**Your assignment**
The entries below are to be repeated exactly, and their pictures left out.

**Entries shown**
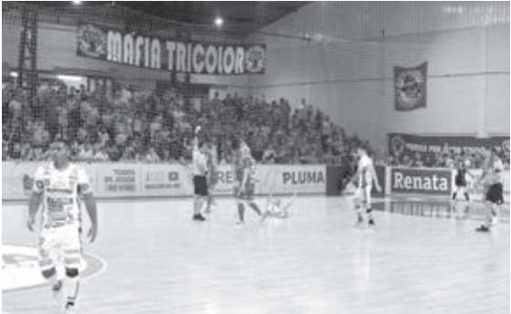
Torcida liberada deve fazer a diferença | ASSESSORIA

A vitória sobre o Marreco Futsal, na última quarta-feira (21), pela Série Ouro do Paranaense, levou o Cascavel à liderança da competição com 24 pontos, garantindo mais tranquilidade para a sequência do campeonato. No entanto, o foco agora é melhorar a posição na Liga Nacional. Atualmente, o Cascavel ocupa a 12ª colocação na Liga Nacional, com 25 pontos, e precisa estar entre os 8 primeiros para garantir a vantagem de decidir em casa na fase de mata-mata. Com três jogos restantes, o primeiro e mais difícil desafio será neste sábado (24), no Ginásio da Neva, contra o Carlos Barbosa (RS), que ocupa a 5ª posição. Nas duas últimas rodadas, a Serpente Tricolor enfrentará equipes catarinenses: no dia 31/08, joga contra o São Lourenço fora de casa, e na última rodada, em 07/09, receberá o Blumenau, que já está rebaixado.
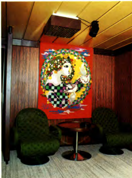
Siddegruppe ved Bjørn Wiinblads gobelin »Right hand«. A Cosy corner in front of Bjørn Wiinblads tapestry "Right hand".

Apteringen kan i øvrigt betegnes som meget miljøvenlig. Ved opbygning af skodder er anvendt Rockwool-elementer, beklædt med vinylfolie, og til lofter er anvendt Dæmpa. Disse materialer imødekommer både brand- og lydæssige krav. Ved valg af farver er der lagt vægt på lyse og varme toner.
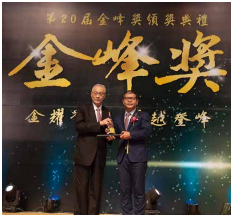
前副總統吳敦義 (左) 頒發獎座，元富證券電子商務部資深協理郭志聰 (右) 代表受獎。

郭志聰資深協理表示，元富證券積極推動及發展行動理財服務，期盼滿足投資人更多理財需求。未來也將持續精進數位金融科技服務並投入相關資源，滿足多元投資需求，為投資人打造理財最佳利器，朝全方位數位券商邁進。
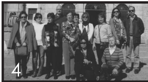
1. Retiro de Cuaresma de CONFER (14-3) 2. 24 Horas para el Señor y Vía Matris (13/14-3) 3. Encuentro de ministros extraordinarios de la Comunión (14-3) 4. Ejercicios espirituales para catequistas en Ávila (6/8-3)
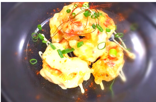
店主おすすめ 海老のマヨネーズ和え
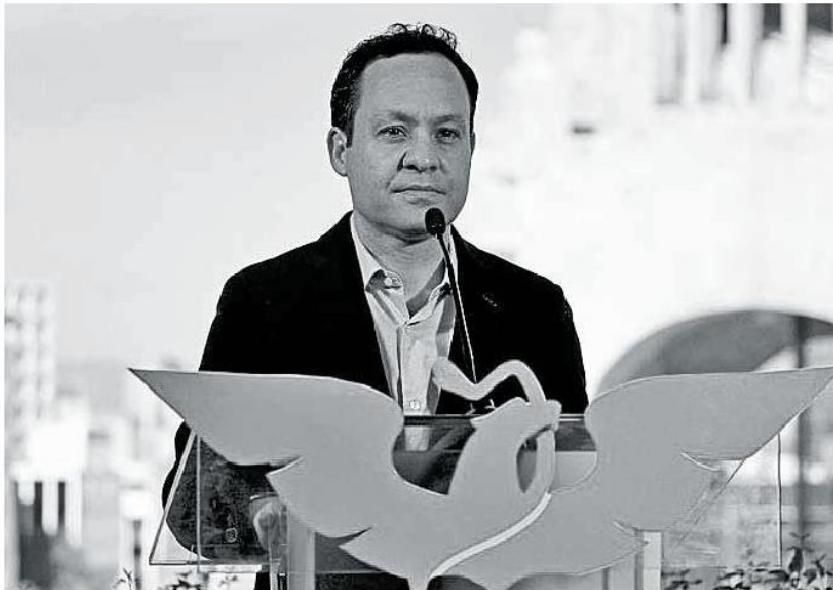
Clemente Castañeda, dirigente nacional de Movimiento Ciudadano.

puede leer que el partido defiende la postura que ha tenido la entidad ante el actual Gobierno Federal como la forma de construir el futuro buscando eliminar las políticas centralistas.
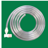
③ 羊水吸引用 （コネクター付）
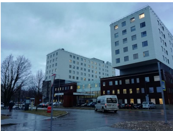
Univerzitní nemocnice Tartu
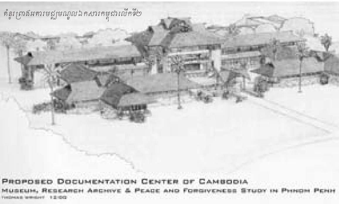
គំនូរព្រាងអគារមជ្ឈមណ្ឌលឯកសារកម្ពុជាលើកទី២

បេសកកម្មមួយរបស់មជ្ឈមណ្ឌលឯកសារកម្ពុជានៅពេលអនាគតគឺបន្តការងារប្រមូលនិងចងក្រងឯកសារទាក់ទងនឹង
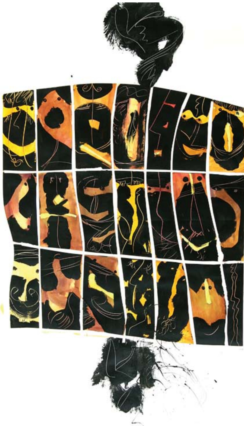
Ivan Balažević, „Todos artista desperados”, 100 x 140 cm, papir/Papier
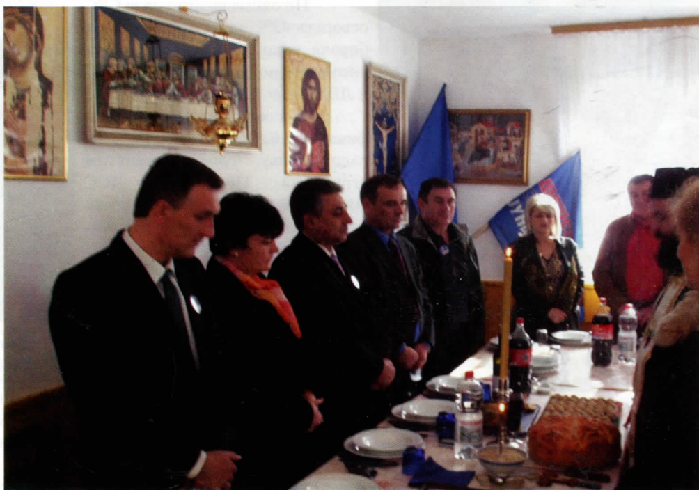
Обележавање славе Српске радикалне странке у манастирском Дому Раиновац -Бегалица-

Домаћин је ове године био Месни одбор Лештане, а

**Response box**
Torcida liberada deve fazer a diferença | ASSESSORIA

A vitória sobre o Marreco Futsal, na última quarta-feira (21), pela Série Ouro do Paranaense, levou o Cascavel à liderança da competição com 24 pontos, garantindo mais tranquilidade para a sequência do campeonato. No entanto, o foco agora é melhorar a posição na Liga Nacional. Atualmente, o Cascavel ocupa a 12ª colocação na Liga Nacional, com 25 pontos, e precisa estar entre os 8 primeiros para garantir a vantagem de decidir em casa na fase de mata-mata. Com três jogos restantes, o primeiro e mais difícil desafio será neste sábado (24), no Ginásio da Neva, contra o Carlos Barbosa (RS), que ocupa a 5ª posição. Nas duas últimas rodadas, a Serpente Tricolor enfrentará equipes catarinenses: no dia 31/08, joga contra o São Lourenço fora de casa, e na última rodada, em 07/09, receberá o Blumenau, que já está rebaixado.
Siddegruppe ved Bjørn Wiinblads gobelin »Right hand«. A Cosy corner in front of Bjørn Wiinblads tapestry "Right hand".

Apteringen kan i øvrigt betegnes som meget miljøvenlig. Ved opbygning af skodder er anvendt Rockwool-elementer, beklædt med vinylfolie, og til lofter er anvendt Dæmpa. Disse materialer imødekommer både brand- og lydæssige krav. Ved valg af farver er der lagt vægt på lyse og varme toner.
前副總統吳敦義 (左) 頒發獎座，元富證券電子商務部資深協理郭志聰 (右) 代表受獎。

郭志聰資深協理表示，元富證券積極推動及發展行動理財服務，期盼滿足投資人更多理財需求。未來也將持續精進數位金融科技服務並投入相關資源，滿足多元投資需求，為投資人打造理財最佳利器，朝全方位數位券商邁進。
1. Retiro de Cuaresma de CONFER (14-3) 2. 24 Horas para el Señor y Vía Matris (13/14-3) 3. Encuentro de ministros extraordinarios de la Comunión (14-3) 4. Ejercicios espirituales para catequistas en Ávila (6/8-3)
店主おすすめ 海老のマヨネーズ和え
Clemente Castañeda, dirigente nacional de Movimiento Ciudadano.

puede leer que el partido defiende la postura que ha tenido la entidad ante el actual Gobierno Federal como la forma de construir el futuro buscando eliminar las políticas centralistas.
③ 羊水吸引用 （コネクター付）
Univerzitní nemocnice Tartu
គំនូរព្រាងអគារមជ្ឈមណ្ឌលឯកសារកម្ពុជាលើកទី២

បេសកកម្មមួយរបស់មជ្ឈមណ្ឌលឯកសារកម្ពុជានៅពេលអនាគតគឺបន្តការងារប្រមូលនិងចងក្រងឯកសារទាក់ទងនឹង
Ivan Balažević, „Todos artista desperados”, 100 x 140 cm, papir/Papier
Обележавање славе Српске радикалне странке у манастирском Дому Раиновац -Бегалица-

Домаћин је ове године био Месни одбор Лештане, а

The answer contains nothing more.